Sensitive and selective detection of 4-nitrophenol using a zirconium metal–organic framework loaded reduced graphene oxide modified glassy carbon electrode

Phenolic compounds in water bodies pose significant threats to humans, animals and aquatic life. A new electrochemical sensor has been developed for the sensitive and selective detection of 4-nitrophenol (4-NP), utilizing the incorporation of zirconium metal–organic framework (UiO-66-NH₂) and reduced graphene oxide (rGO).

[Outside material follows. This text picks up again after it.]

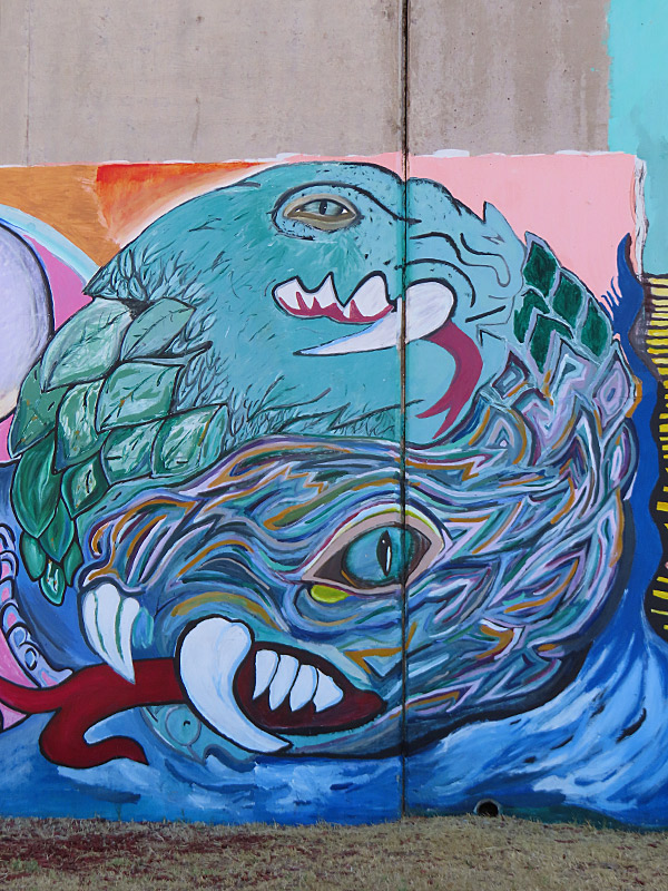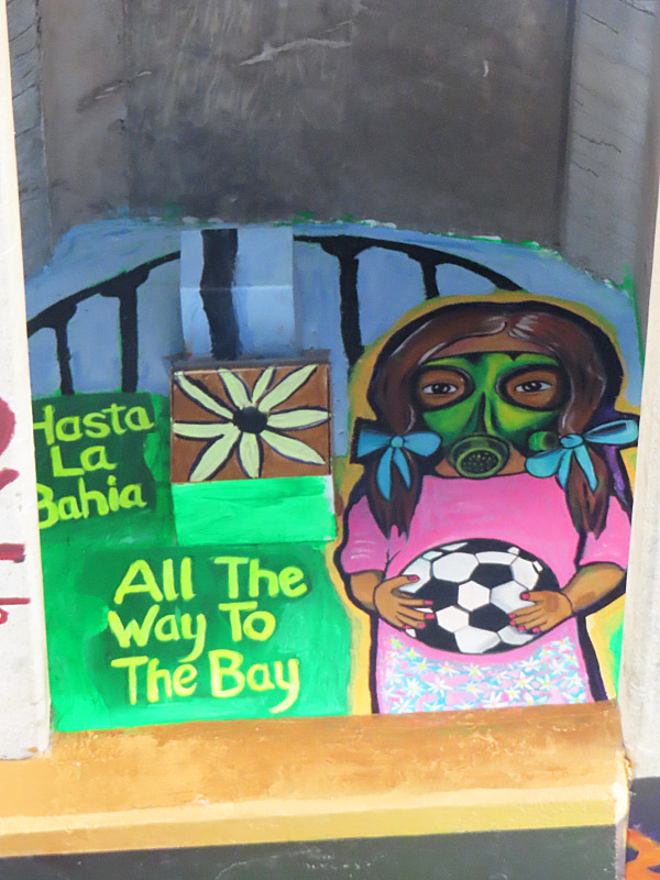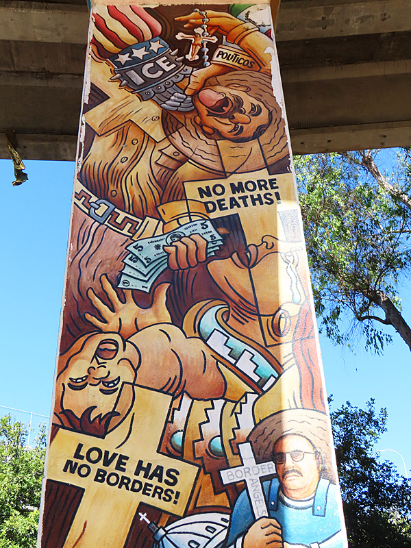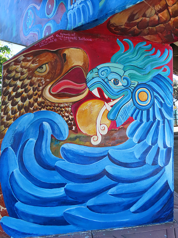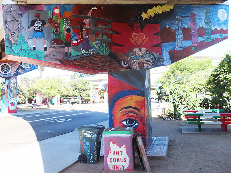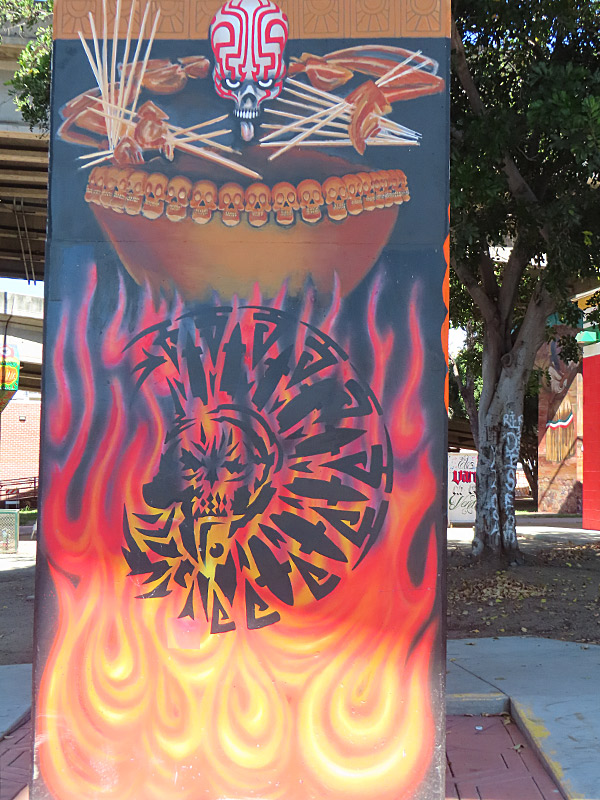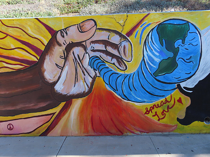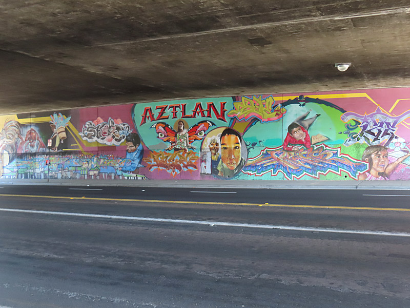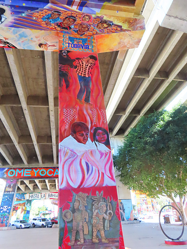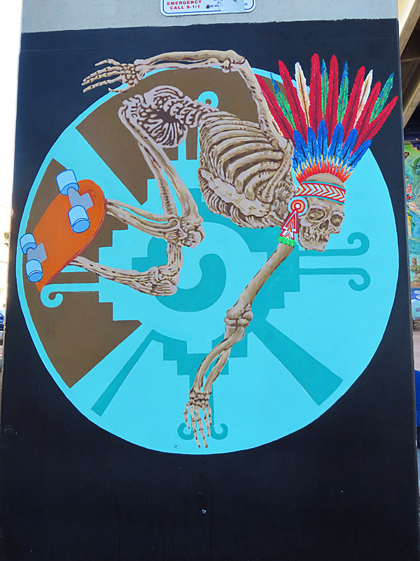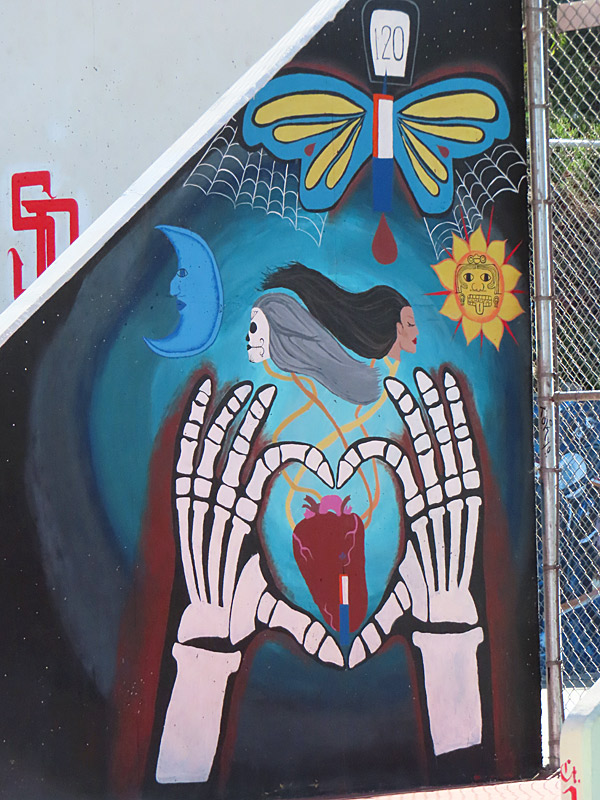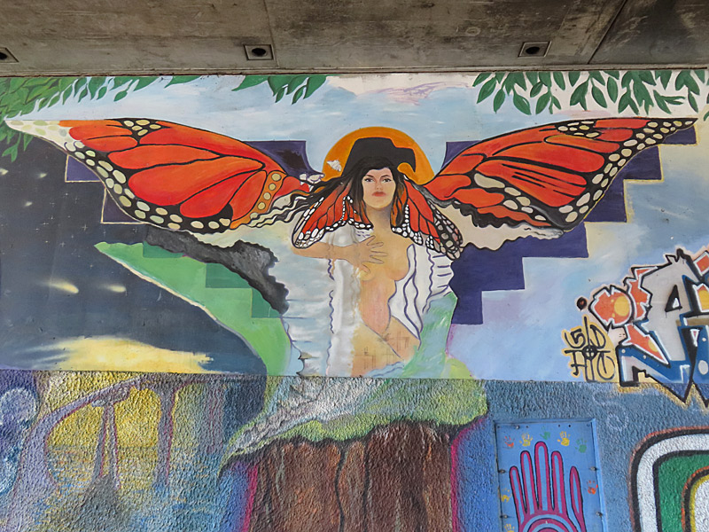 Most of the murals are painted on the infrastructure of a major highway interchange where Interstate 5 meets the road to the Balboa Bridge. Because of that, many of the surfaces are not proper rectangles. It’s interesting to see how the artists work with some odd angles and bridge supports that often are not exactly vertical or horizontal. Some of the murals are even painted on the bottom of the highway – or the ceiling of the park depending on how you look at it.

The UiO-66-NH₂/rGO electrocatalyst was synthesized by the solvothermal method using zirconium oxychloride octahydrate, 2-amino terephthalic acid and rGO. Various characterization techniques including — X-ray diffraction (XRD), Fourier-transform infrared spectroscopy (FTIR), Field-emission scanning electron microscopy (FESEM), UV–visible diffuse reflectance spectroscopy (UV-DRS), Raman spectroscopy and cyclic voltammetry (CV) were employed to analyze the physical properties, morphology, and electrochemical performance of the prepared materials. The resulting UiO-66-NH₂/rGO/GCE electrode demonstrates effective electrocatalytic activity for the cathodic reduction of 4-NP due to its high porosity, favourable electron transfer kinetics and enhanced sensitivity. Differential pulse voltammetry reveals a linear response for 4-NP concentrations ranging from 0.5 to 100 μM, with a high sensitivity of 0.1 μA/μM and a low detection limit of 15 nM. Additionally, the sensor showcases several advantages, including anti-interference ability, selectivity for 4-NP in the presence of other interfering species, strong repeatability and stability. The developed sensor was successfully tested for practical applications in river water samples.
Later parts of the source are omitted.